> [Data shown]
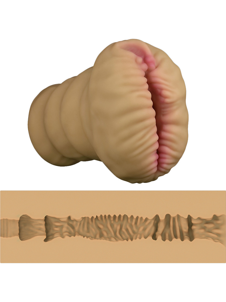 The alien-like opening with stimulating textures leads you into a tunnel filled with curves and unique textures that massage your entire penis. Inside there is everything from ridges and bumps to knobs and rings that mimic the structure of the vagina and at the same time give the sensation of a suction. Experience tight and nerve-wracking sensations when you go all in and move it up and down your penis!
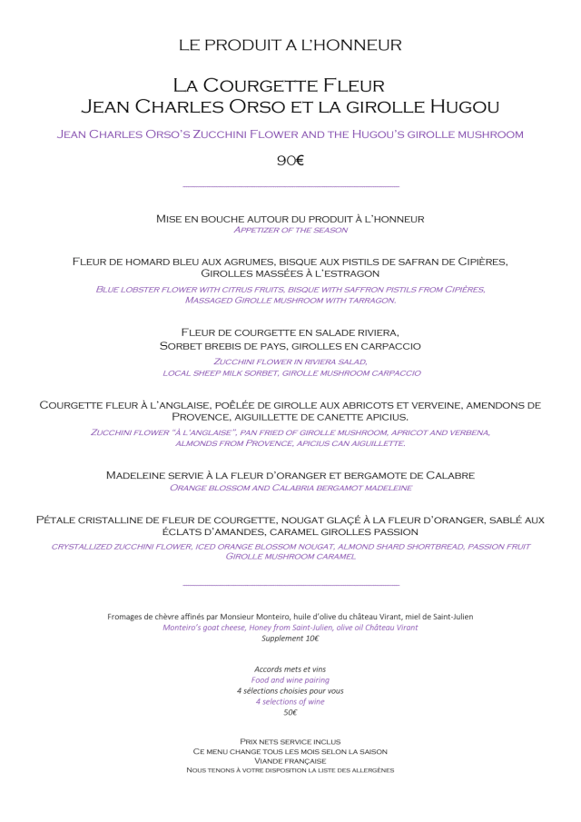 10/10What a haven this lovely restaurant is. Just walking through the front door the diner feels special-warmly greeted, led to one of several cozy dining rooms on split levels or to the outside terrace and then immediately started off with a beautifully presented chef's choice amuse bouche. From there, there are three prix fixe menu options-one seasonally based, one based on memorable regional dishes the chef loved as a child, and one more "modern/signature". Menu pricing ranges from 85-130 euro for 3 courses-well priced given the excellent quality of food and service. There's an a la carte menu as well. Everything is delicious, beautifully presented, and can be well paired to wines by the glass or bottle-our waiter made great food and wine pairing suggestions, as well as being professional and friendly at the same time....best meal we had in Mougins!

==

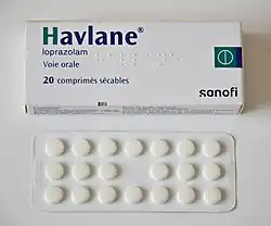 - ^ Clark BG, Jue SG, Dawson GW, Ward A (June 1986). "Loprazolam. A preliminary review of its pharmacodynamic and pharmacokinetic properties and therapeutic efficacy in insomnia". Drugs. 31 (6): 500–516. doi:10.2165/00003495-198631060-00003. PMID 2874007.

> [Exercise objective] Set down word for word the lines above from the one with "The alien-like opening" up to and including the one with "10/10What a haven". Omit every picture.

> [Task result]
 The alien-like opening with stimulating textures leads you into a tunnel filled with curves and unique textures that massage your entire penis. Inside there is everything from ridges and bumps to knobs and rings that mimic the structure of the vagina and at the same time give the sensation of a suction. Experience tight and nerve-wracking sensations when you go all in and move it up and down your penis!
 10/10What a haven this lovely restaurant is. Just walking through the front door the diner feels special-warmly greeted, led to one of several cozy dining rooms on split levels or to the outside terrace and then immediately started off with a beautifully presented chef's choice amuse bouche. From there, there are three prix fixe menu options-one seasonally based, one based on memorable regional dishes the chef loved as a child, and one more "modern/signature". Menu pricing ranges from 85-130 euro for 3 courses-well priced given the excellent quality of food and service. There's an a la carte menu as well. Everything is delicious, beautifully presented, and can be well paired to wines by the glass or bottle-our waiter made great food and wine pairing suggestions, as well as being professional and friendly at the same time....best meal we had in Mougins!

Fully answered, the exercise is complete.